Claims against estates are probate matters tried by ordinary proceedings. Section 633.33, Code 1971. We are bound *603 by the trial court's findings if they are supported by substantial evidence. Rules of Civil Procedure 344(f) (1).
Decedent was 90 years of age at the time of his death. His wife was 86. He had been in poor health for over five years and was practically bedridden for the last two years of his life. Claimant and her husband lived on decedent's farm only a short distance away from his home. Because of this proximity and the fact that claimant was a trained nurse, she was often called upon to assist in caring for her father-in-law until six months before his death when he was taken to a nursing home.
Mrs. Lucile Patterson testified that she too had been in failing health and needed considerable help in caring for her husband, even though there was a housekeeper living in their home during this period who did the cooking and cleaning.

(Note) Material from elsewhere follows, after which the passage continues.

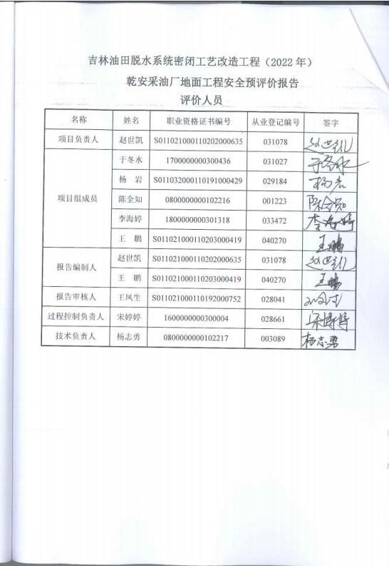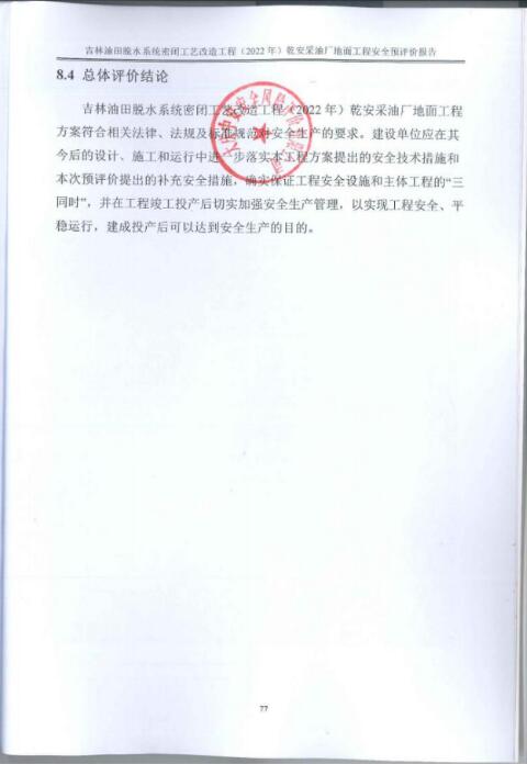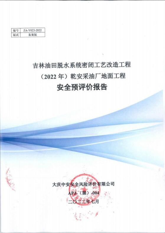 吉林油田脫水系統(tǒng)密閉工藝改造工程(2022年)乾安采油廠地面工程 安全評價(jià)報(bào)告

She related: "My husband, Jewell Patterson, was a diabetic and bedridden some time before he died. * * * After he had his operation down at Fort Dodge he never got his strength back and it wasn't long until he had spells and spasms. I had to have Louise help me out. * * *
"[W]hen I needed help to turn him over or bedpan or something I needed help with, I called her. I did not call Louise for that purpose unless he had one of those spasms. Over the last year or two years Louise was over about every day, sometimes twice a day, just according to how bad he got, and she was doing things that a trained nurse would do."
Her testimony is epitomized by the following statement, "We couldn't do without Louise".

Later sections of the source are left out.